La scomparsa di Zanetti

20 Febbraio 2019 di Stefano Olivari

Javier Zanetti è entrato nella Hall of Fame del calcio italiano a questo giro, insieme a Totti, Allegri, Antognoni, Matarrese, Rizzoli e Milena Bertolini (noi ci avremmo messo anche Andrea Roncato, già che c’erano), e magari la cerimonia di maggio per questa specie di Manuale Cencelli dei premi (sempre meglio di quelli giornalistici, però) sarà l’occasione per conoscere il suo pensiero circa le ultime vicende di un’Inter di cui, all’ultimo conteggio, risulta ancora essere vicepresidente. Assordante è infatti il suo silenzio sulla vicenda Icardi (mentre scriviamo queste righe dedicate ai lettori interisti, che cerchiamo sempre di far uscire per l’ora di pranzo, l’attaccante è da una mezzora all’Humanitas per la visita fiscale che però non è una visita fiscale ma forse lo è) da parte di un uomo che è stato capitano dell’Inter per 13 stagioni e che nell’immaginario del tifoso sarebbe il punto di riferimento dei tanti argentini transitati a Milano: invece al di là di qualche foto (come a Vienna con Matthäus) e dei doverosi atti di presenza, sulle questioni davvero importanti è stato zitto come quando giocava.

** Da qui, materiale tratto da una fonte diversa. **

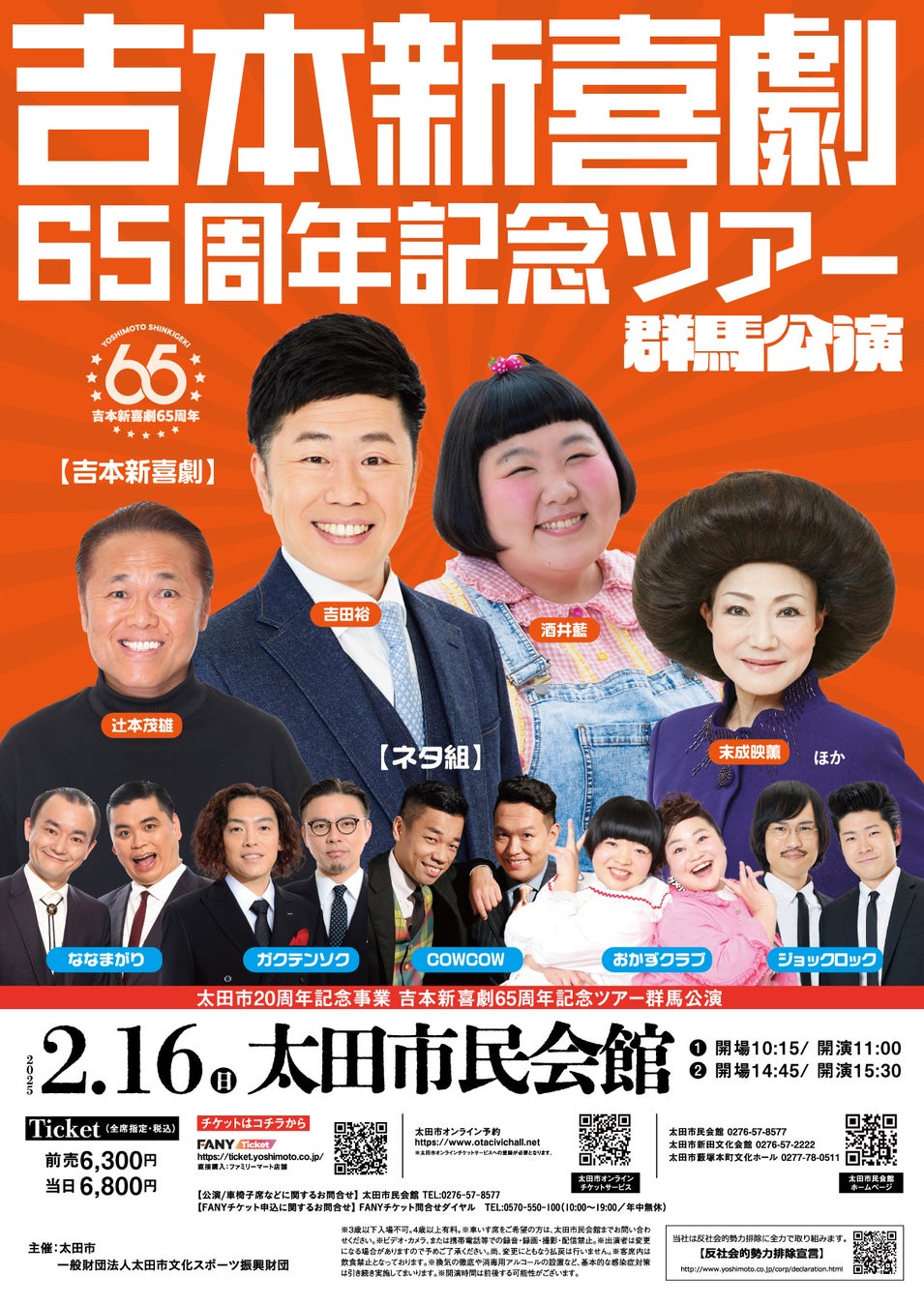ぐんまちゃんがゲスト出演する「吉本新喜劇65周年記念ツアー群馬公演」の詳細やチケット情報は吉本新喜劇ホームページまたは会場となる太田市民会館のホームページをご覧ください。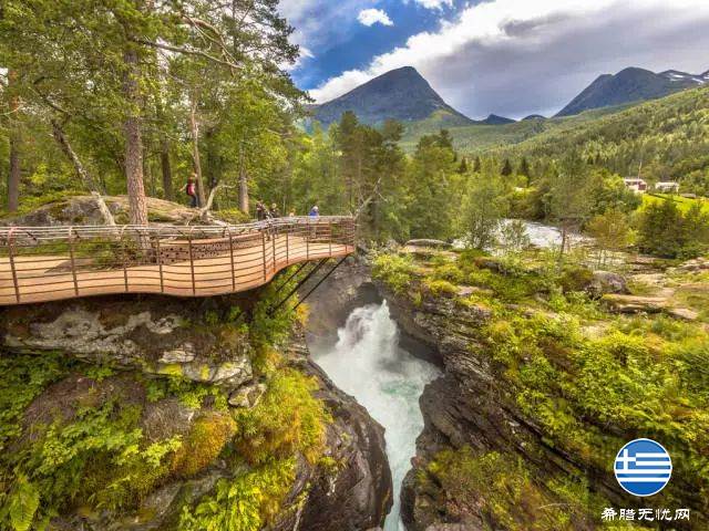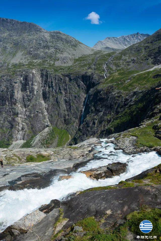 (路线:精灵之路 ➝ Trollstigen Senter观景台 ➝ Gudbrandsjuvet峡谷 ➝ 开车搭渡轮过峡湾 ➝ 老鹰之路)。第一站:从E136号公路转进63号景观公路时,首先就是跨过Rauma河的单线道桥面,会看到桥上挂著63号以及下方”挪威国家景观公路”的道路交通号志。在路宽仅4~6米的蜿蜒道路上就拥有11个发夹弯,之间往上或往下开,一旁是高悬的飞瀑、一旁是陡峭的悬崖。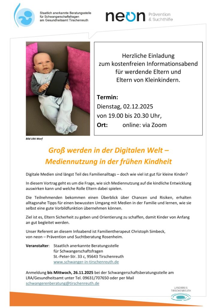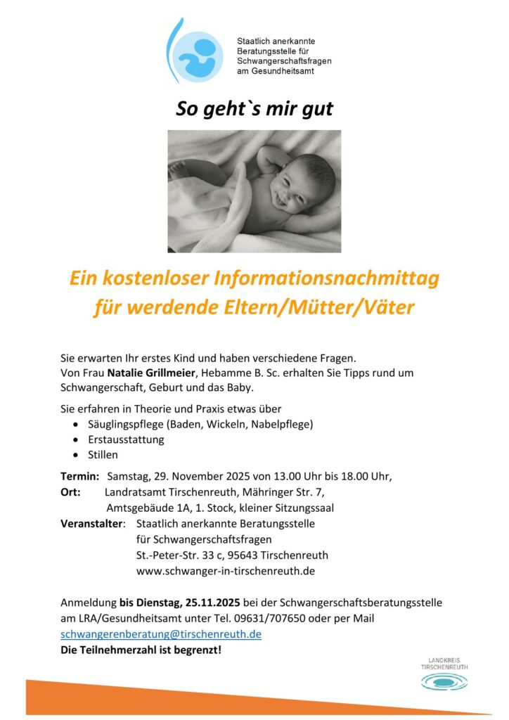 die staatlich anerkannte Beratungsstelle für Schwangerschaftsfragen am LRA – Gesundheitsamt Tirschenreuth lädt werdende und junge Mütter/Väter/Eltern zu zwei interessanten Veranstaltungen ein: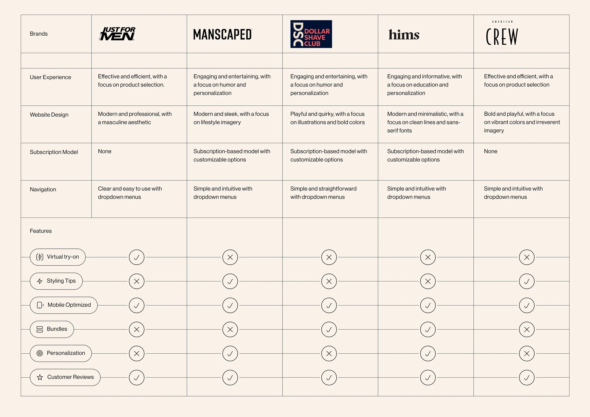 We conducted a comprehensive competitor analysis that provided a solid foundation for understanding the brand's position in the market and identifying opportunities for innovation.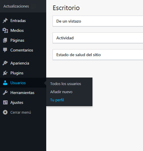 Para cambiar los datos de acceso desde el interior de nuestro WordPress accedemos al menú lateral en la zona de administración y clicamos en Usuarios > Tu perfil como puedes observar en el siguiente gráfico.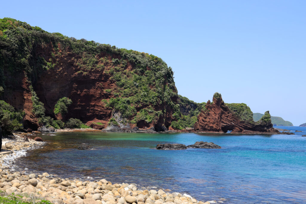 島根県隠岐郡に位置する明屋海岸は、美しい海と自然に囲まれた絶景スポットです。この海岸は、透明度の高い海水と赤く険しい岩が特徴で、訪れる人々に癒しのひとときを提供します。特に、夕日が沈む時間帯には、海と空がオレンジ色に染まり、まるで絵画のような美しい景色が広がります。

Va poi detto che a prescindere dal passaporto Icardi è uno che si fa i fatti suoi e non si è mai fatto prendere sotto l’ala di Zanetti né di alcun altro, al punto di rifiutare anche i tanti consulenti che gli sono stati consigliati nel mondo prima di Marotta. Senza contare che Zanetti sta come al solito giocando una sua partita, che lo assorbe quasi totalmente: forse scamperà alla riforma-epurazione di Marotta, che dovrebbe riguardare anche figure dirigenziali meno visibili, ma il ridimensionamento è assicurato. La strategia sembra comunque sempre la solita, quella di chi guarda verso il basso, verso il temperino o l’astuccio, quando il professore sta per interrogare. Mentre dicendo o facendo qualcosa di forte magari stavolta avrebbe guadagnato punti, azzardiamo.

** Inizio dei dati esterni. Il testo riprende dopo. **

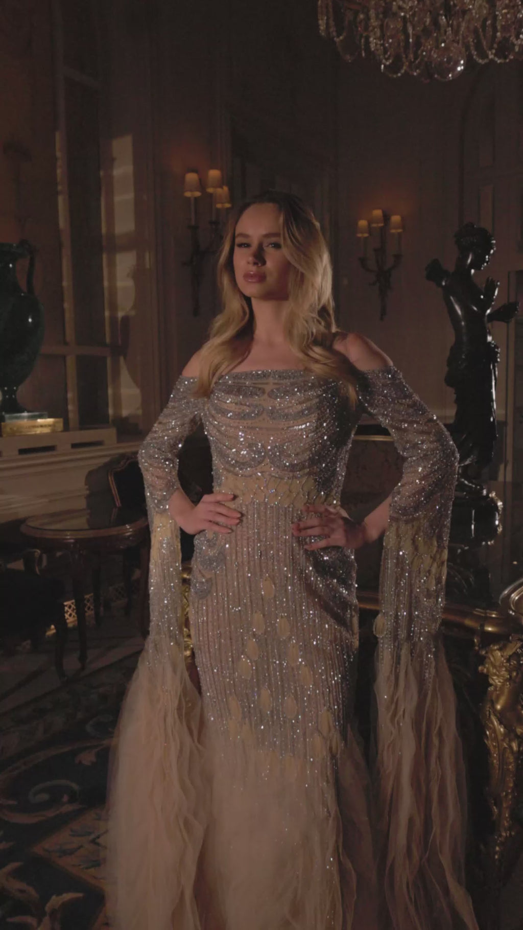 An off shoulder dress full hand embroidered with stunning details, ruffled tule bottom and dramatic extra long tule sleeves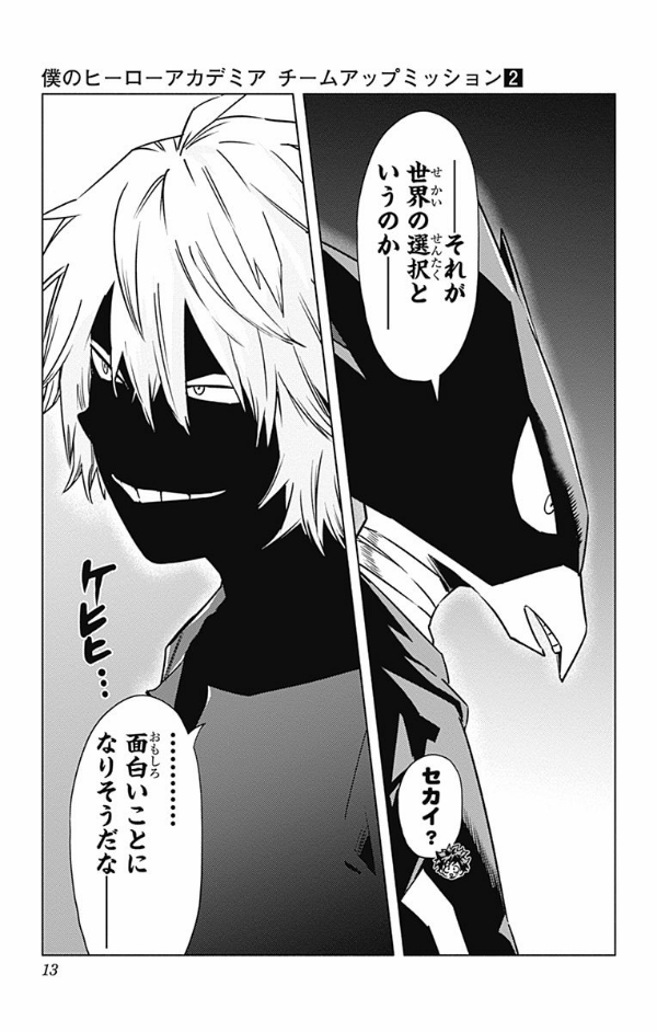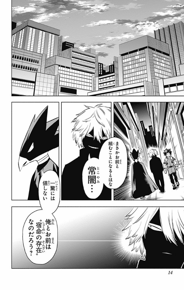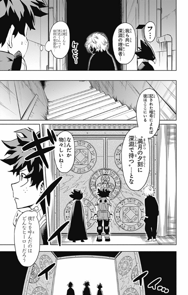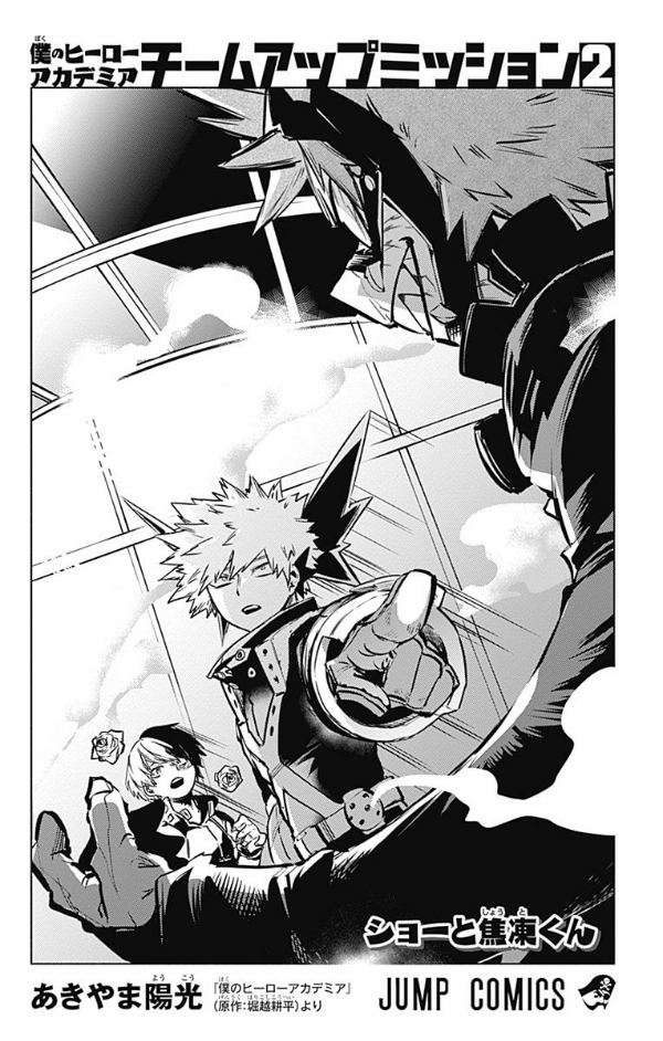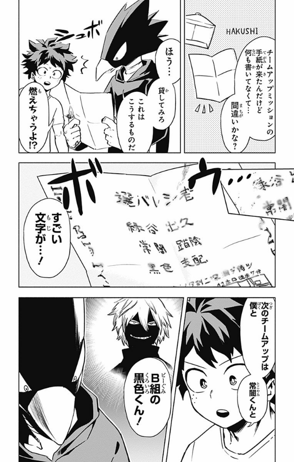 チーム連携と能力強化の為に行う次のミッションは、B組や士傑高校のやつらと協力するらしい。お互いに刺激し合うことで、きっと得られるものがあるはず! (読切『出久&爆豪:ライジング』収録)

Visto che ci piace fare del bar, come collocheremmo Zanetti nella classifica dei capitani interisti che abbiamo visto giocare dal vivo, quindi da Mazzola in poi? Si parla ovviamente di personalità e di carisma nei confronti dei compagni, non di valore tecnico, anche se dare la fascia a un giocatore scarso (o a un portiere, come sostiene anche Zoff) non è di solito una buona idea. Nostra classifica: primo Facchetti (rispettato da chiunque, meno silenzioso e ‘buono’ rispetto a quanto di solito si legge), secondo Bergomi (sfortunato nell’esserlo nel periodo migliore di Milan e Juventus), terzo Icardi (magari quando sarà partito verranno fuori le tante piccole attenzioni che ha riservato anche all’ultima delle riserve), quarto Bini (leader di una squadra di amici, epoca purtroppo irripetibile), quinto Mazzola (campione, ma non amato da tutti i compagni e già troppo dirigente), sesto Ranocchia (perché è durato troppo poco, ma aveva ed ha l’intelligenza necessaria per essere più in alto), settimo Baresi (molto apprezzato, ma diventato capitano quasi fuori tempo massimo), ottavo Ronaldo (carisma immenso, ma isola indipendente), nono Altobelli (non un trascinatore, troppo individualista) e decimo Zanetti. Decimo posto provocatorio, in realtà sotto al primo le differenze sono minime e troppo legate a fattori esterni. Molto sottovalutato come giocatore, Zanetti, ma come capitano oscurato spesso da compagni più carismatici: come puoi essere il capitano di Ronaldo, Ibrahimovic o Cambiasso? L’amico e maestro Budrieri mette Armando Picchi sopra a tutti, ma almeno in questo caso non siamo così vecchi da averlo visto in azione.